++++ The data ++++

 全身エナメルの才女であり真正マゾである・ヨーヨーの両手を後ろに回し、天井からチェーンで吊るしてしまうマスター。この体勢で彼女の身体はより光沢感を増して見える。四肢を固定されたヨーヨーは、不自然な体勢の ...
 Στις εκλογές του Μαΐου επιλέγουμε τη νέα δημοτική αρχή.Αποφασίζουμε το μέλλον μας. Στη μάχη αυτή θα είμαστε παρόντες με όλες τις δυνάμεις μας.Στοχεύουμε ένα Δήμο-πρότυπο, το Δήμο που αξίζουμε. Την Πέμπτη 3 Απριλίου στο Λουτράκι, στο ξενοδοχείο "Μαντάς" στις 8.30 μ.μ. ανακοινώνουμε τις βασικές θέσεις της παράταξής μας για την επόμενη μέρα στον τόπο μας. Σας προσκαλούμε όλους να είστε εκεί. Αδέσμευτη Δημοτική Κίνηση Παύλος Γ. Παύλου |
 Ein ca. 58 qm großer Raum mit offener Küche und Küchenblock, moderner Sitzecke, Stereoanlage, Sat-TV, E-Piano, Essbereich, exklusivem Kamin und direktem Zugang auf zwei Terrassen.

++++
++++ The data ++++

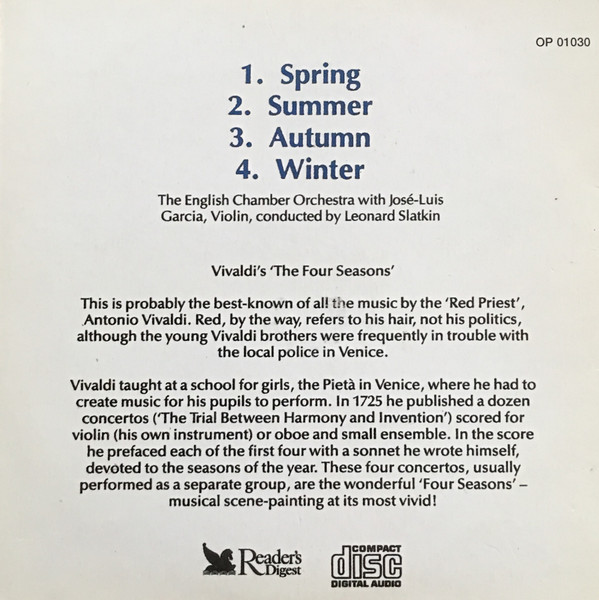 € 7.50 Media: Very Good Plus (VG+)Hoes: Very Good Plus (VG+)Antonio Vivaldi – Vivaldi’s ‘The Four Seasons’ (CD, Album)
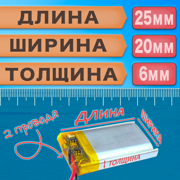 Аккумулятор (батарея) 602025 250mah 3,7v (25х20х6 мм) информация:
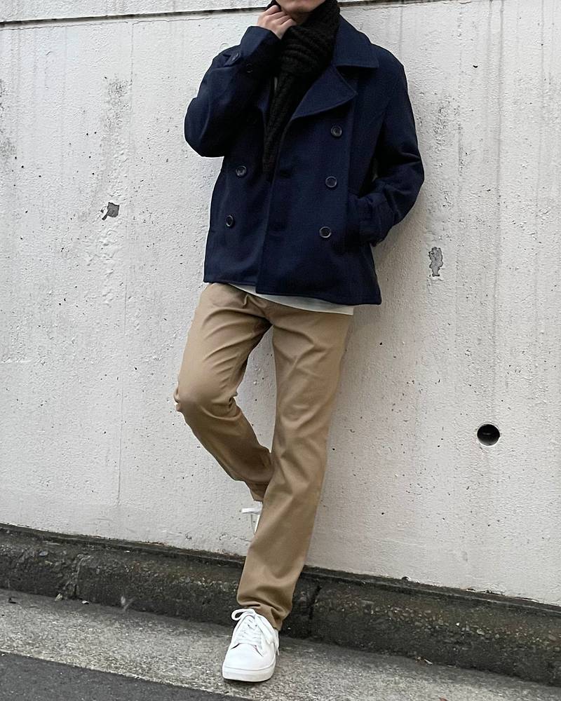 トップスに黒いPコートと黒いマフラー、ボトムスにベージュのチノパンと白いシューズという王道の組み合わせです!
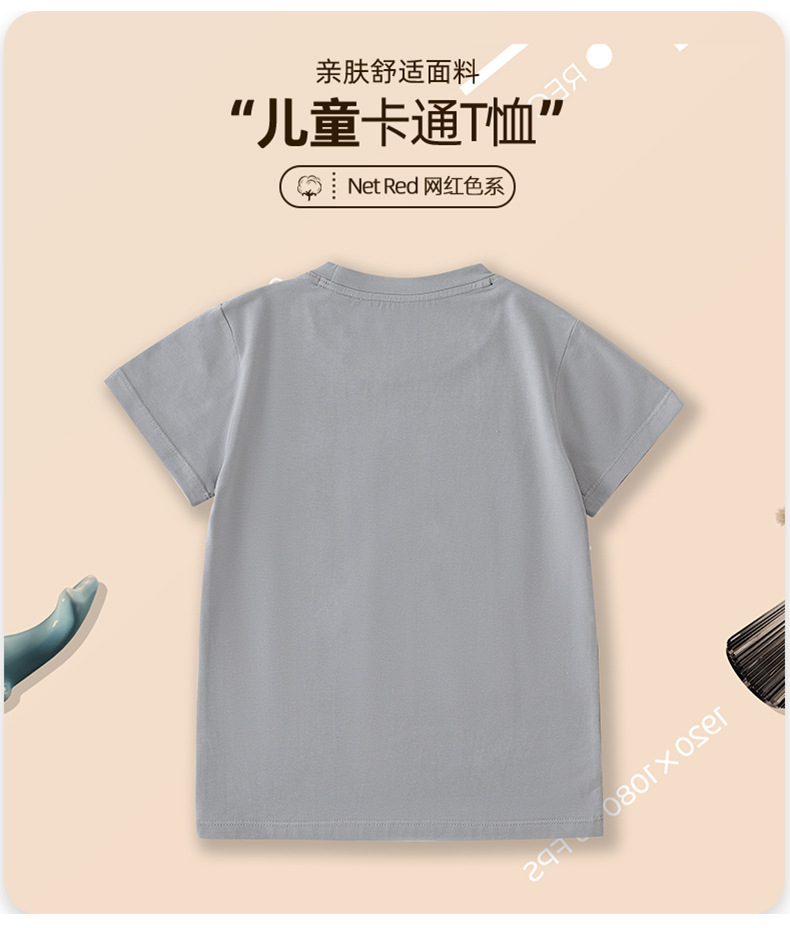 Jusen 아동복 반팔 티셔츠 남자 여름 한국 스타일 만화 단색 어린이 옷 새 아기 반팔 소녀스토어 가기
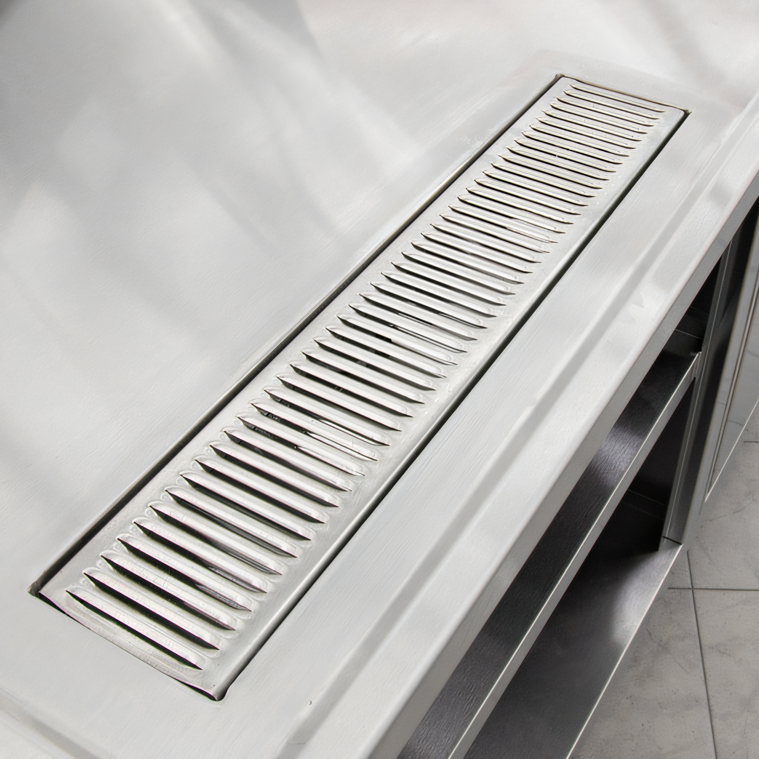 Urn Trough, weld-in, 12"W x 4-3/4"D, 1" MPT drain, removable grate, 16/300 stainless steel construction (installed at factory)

++++

§ **Exercise**:
Quote word for word only the lines above from the one containing "トップスに黒いPコートと黒い" through the one containing "(installed at factory)". Pictures stay out of your copy.

§ **Reply**:
 トップスに黒いPコートと黒いマフラー、ボトムスにベージュのチノパンと白いシューズという王道の組み合わせです!
 Jusen 아동복 반팔 티셔츠 남자 여름 한국 스타일 만화 단색 어린이 옷 새 아기 반팔 소녀스토어 가기
 Urn Trough, weld-in, 12"W x 4-3/4"D, 1" MPT drain, removable grate, 16/300 stainless steel construction (installed at factory)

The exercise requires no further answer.